You don't have to go far to find someone blaming everything currently wrong with the world on how we liberal (classically so, you know, really liberal) types took a hatchet to the State over the past few decades. If only we hadn'g slashed taxes, hadn't emasculated the public organs, then it would still be there, toweringly strong, to protect us in these storms.
It's a nice idea but this set of numbers from the OECD seems to show that there wasn't in fact any slashing of the state in the first place. Table A is tax revenue as a percentage of GDP from 1975 to 2007, thus leaving out the known collapse in revenues of the last couple of years. Do you know the amazing thing?
The state was larger everywhere in 2007 than it had been in 1975.
In fact, the only number that seems to have fallen over those years is the OECD Americas average, something I'm sure is a result of including Mexico's zero (ie, not available, not no government) in 1975's average.
So, if government hasn't shrunk over that period we cannot really claim, or it cannot be claimed against us either, that the shrinkage of government has caused our current woes.

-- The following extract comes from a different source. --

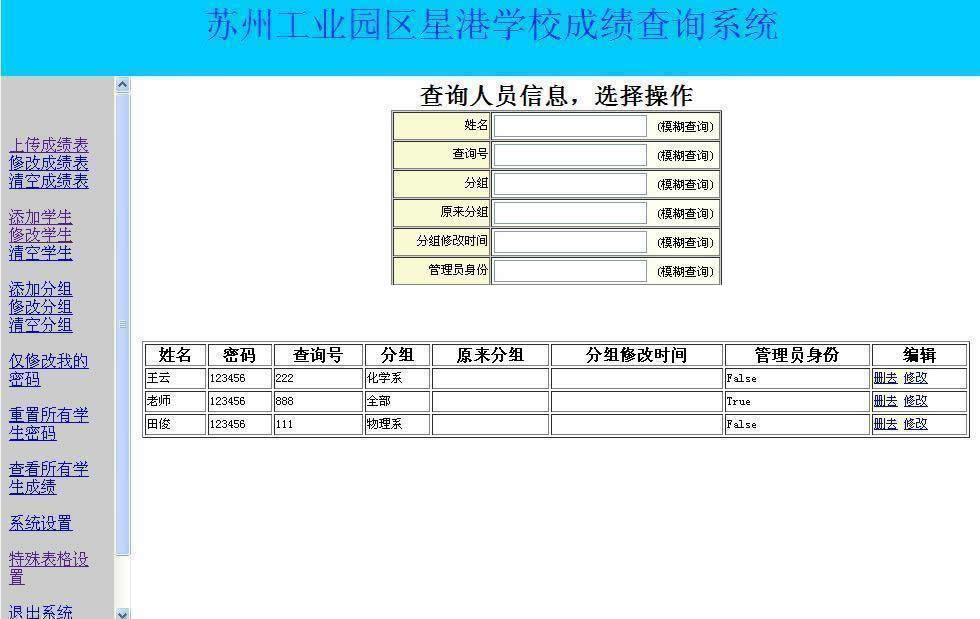 成绩查询系统 更新日志: v4.5.0与v4.4.0相比1.查询特殊表格,换了算法,速度提高了很多2.查询名设置更加合理 v4.4.0与v4.3.2相比1.支持2010版本的excel2.增加了多行显示 v4.3.3与v4.3.2相比1.修改了批量上传人员的bug v4.3.2与v4.3.1相比1.表格内容居中2.修改了删除人员的bug3.删去了框架结构
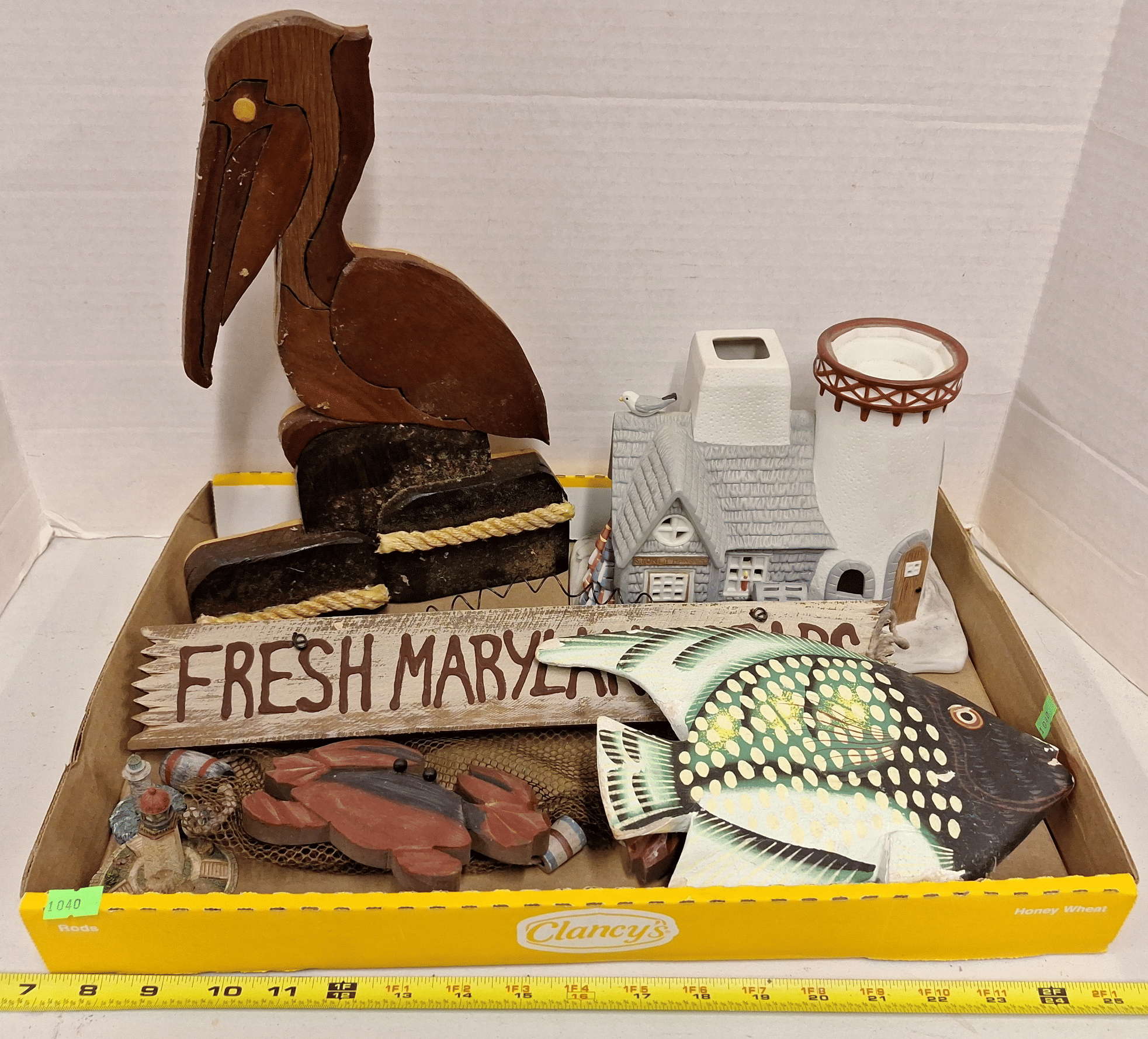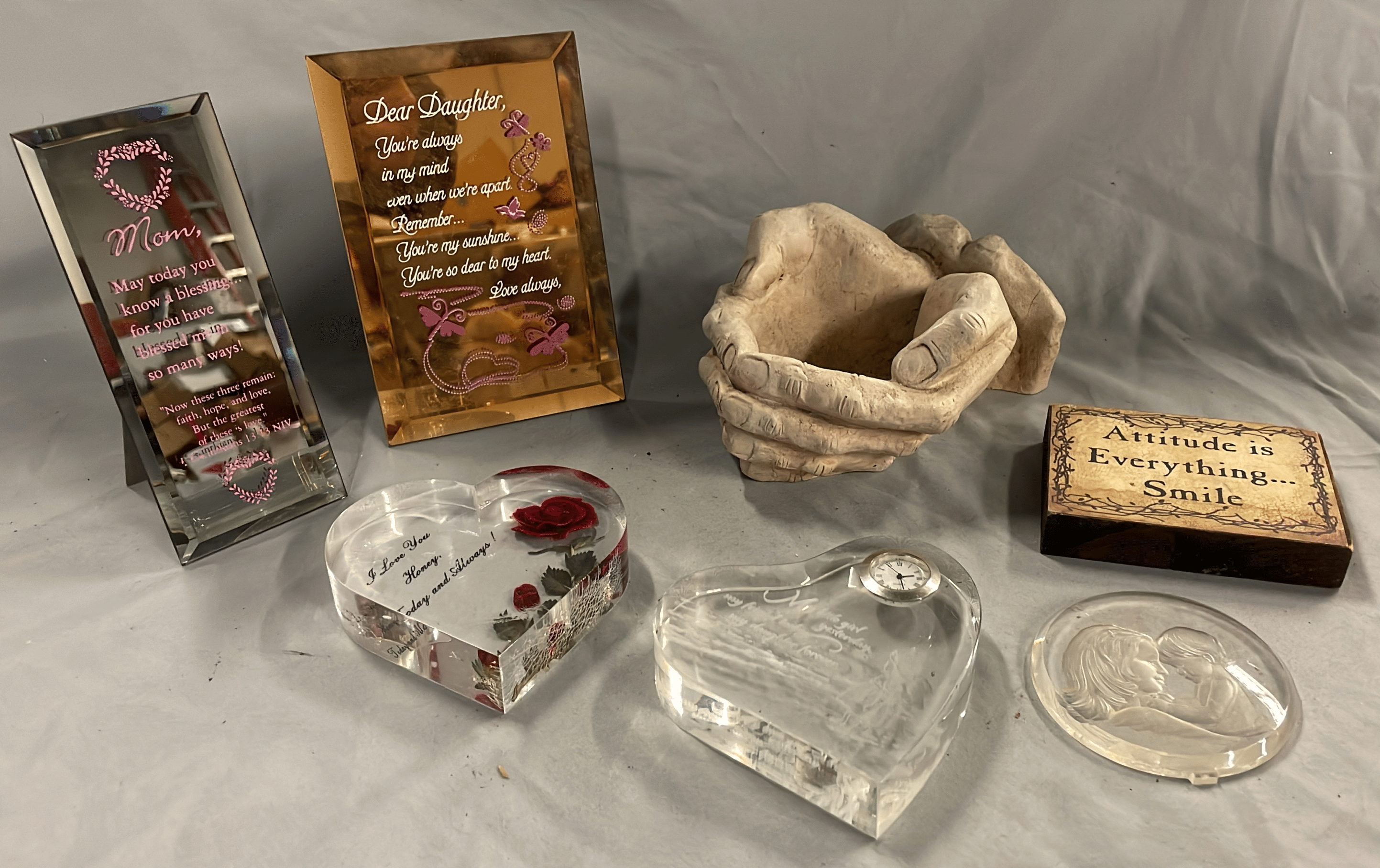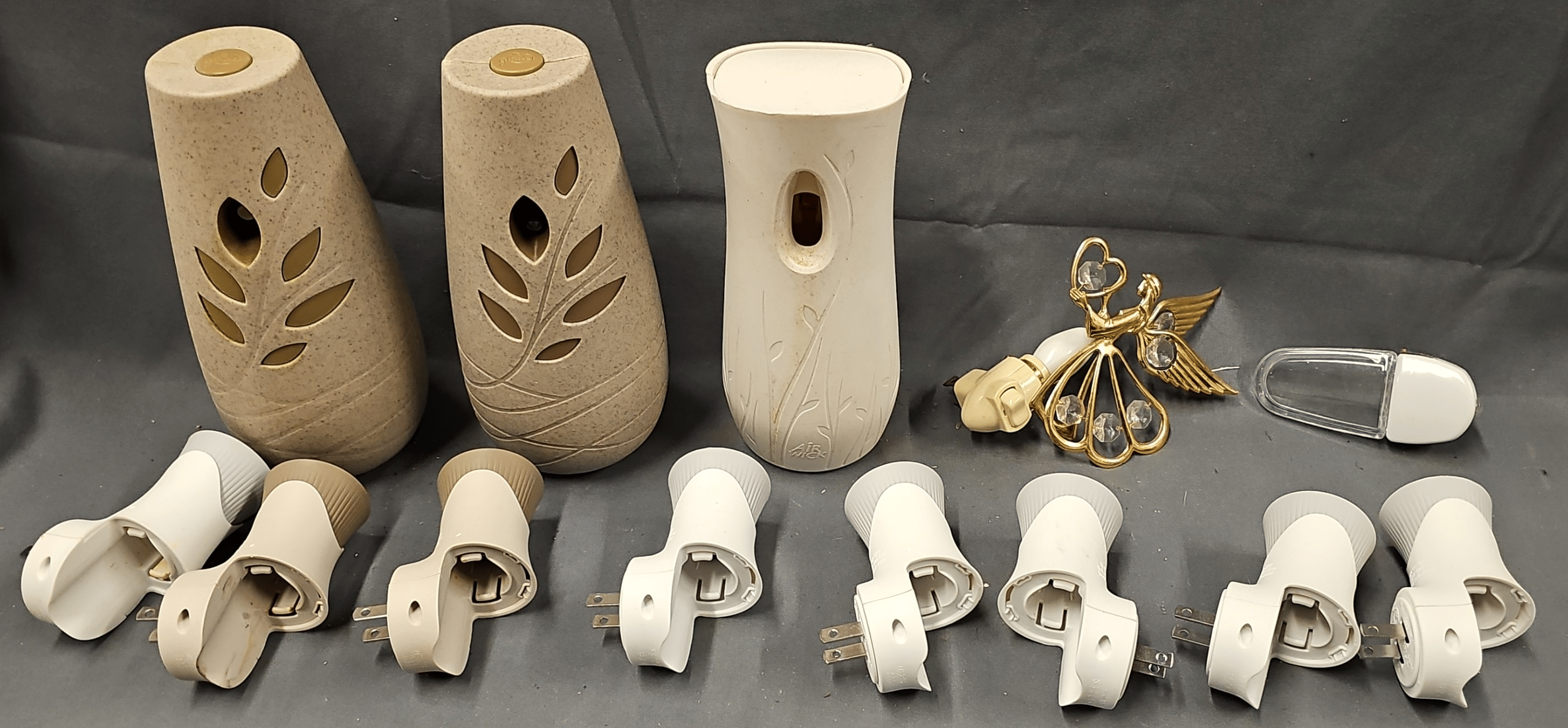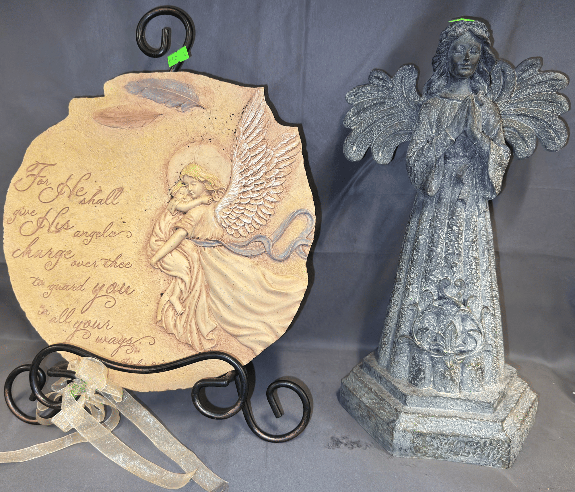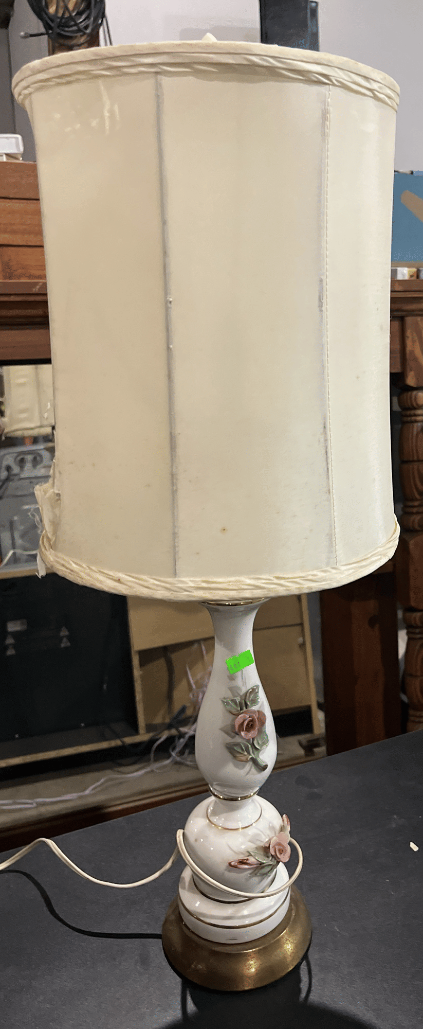 1164 Desk lamp assortment, mosaic Buddha fountain, shop light, snow scrapper

This leaves us with two possible alternative explanations. The first is that it is the increase in government which has caused our problems: this at least has the virtue of aligning with the correlation we see. Or it could be that we've been having less competent government even as we've been having more of it.
Either of which leave us with possible policy paths. The first would be that we actually try to have less government for a few decades and see how that works out: the second with the idea that we should be trying to have more competent government whether we have more or less of it.
Anyone who has any bright ideas on how we do that last though, anyone with any ideas about how we have more competence without having less that government is straining and failing to be competent about, answers on a postcard to 10 Downing Street please.